I really wish the stupid VDP wasn't so slow, the raycasting would run relatively fast if it wasn't for that. I'm trying to devise a way to reduce the amount of writes required each update, but so far nothing has worked.

 

http://www.youtube.com/watch?v=KxO5yePdH4E

 

Very nice! Also very interesting. I'm not a colecovision programmer, more of a TI-99'er (which has the same VDP).

 

Do you mind sharing how the writes to the VDP are done ? Could imagine there are a few ways for speeding things up, which most likely

you already know.

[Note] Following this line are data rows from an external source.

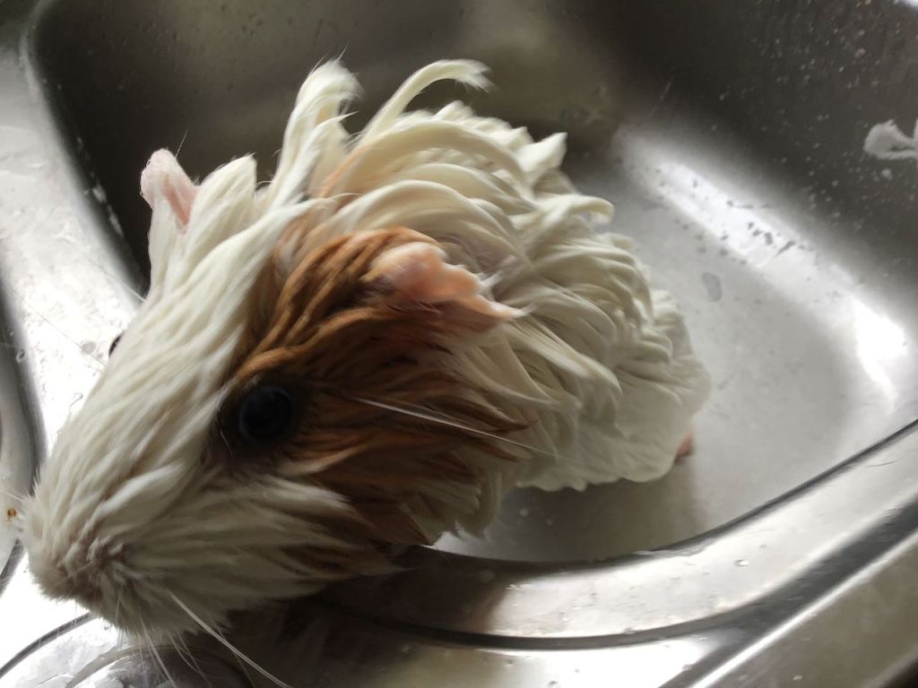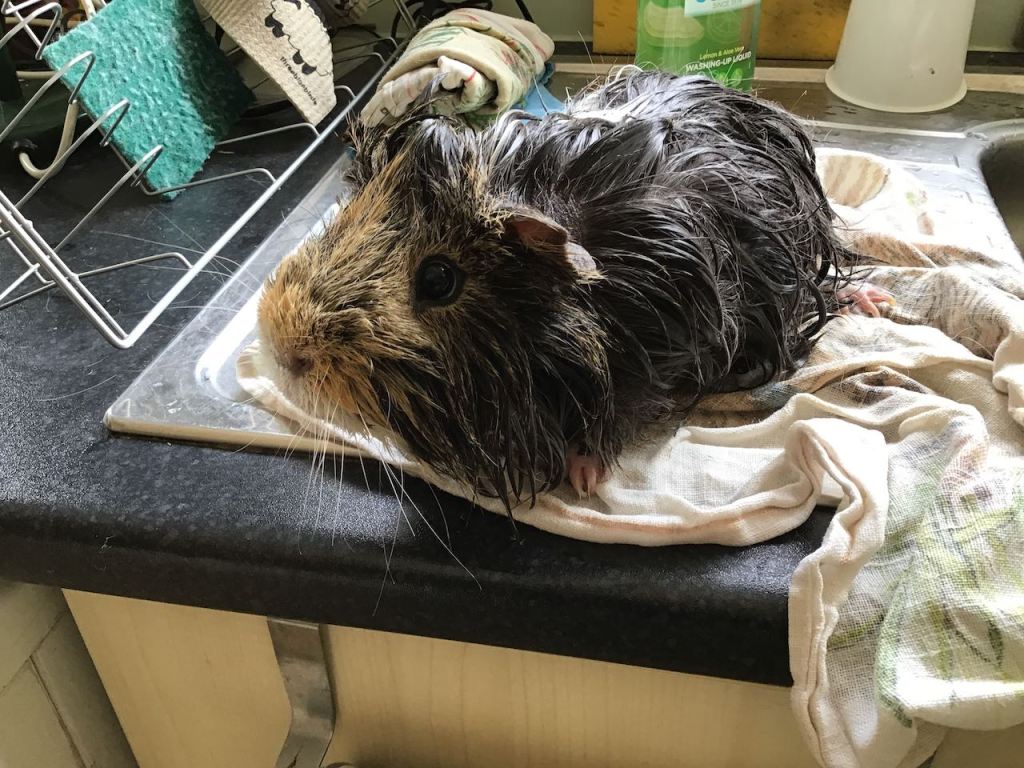 They might not like it, but nothing’s cuter than a wet Guinea Pig! And they look so clean and fluffy afterwards!
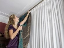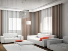 - rideaux simples sans fioritures. Finition minimale. Les avant-toits doivent être de pleine longueur et fixés au plafond ou au sommet du mur.Cela va visuellement soulever le plafond, avec les rideaux visuellement, la pièce sera plus haute;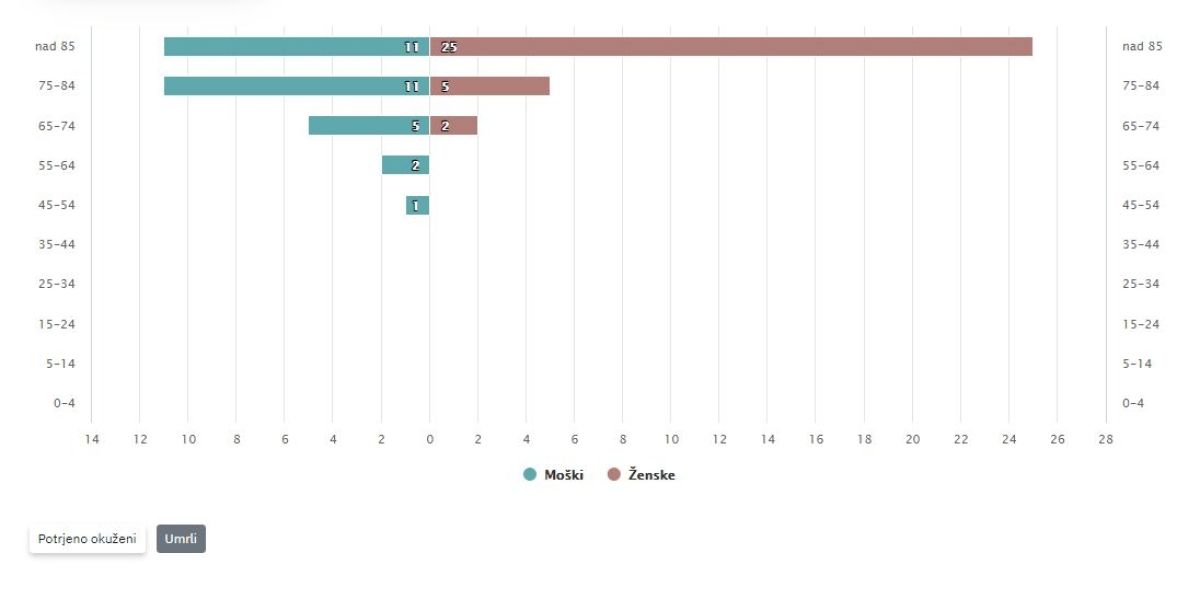 Med potrjeno okuženimi je bilo v nedeljo največ starih med 45 in 54 let. Največ potrjeno okuženih žensk je prav v tej starostni skupini, moških pa je največ v starostni skupini od 55 do 64 let.

Here is some of the stuff I used to do for the TI when dealing with the VDP.

 

Should in some extent also work for the colecovision I guess:

 

* Use assembly language for speed critical tasks

* Use inline code instead of subroutine calls where possible

* Avoid many small individual writes, instead use big block writes where possible

* Guess the game screen is in graphics1 mode, so you should be able to have multiple pattern and screen image tables in the 16K VDP ram.

 

1. Fill inactive pattern/screen image table while the VDP registers point to the active pattern/screen image table

2. Switch VDP registers to now point to the filled tables, updating the screen display

3. And back to 1

 

Anyway, looking forward seeing more of your project :)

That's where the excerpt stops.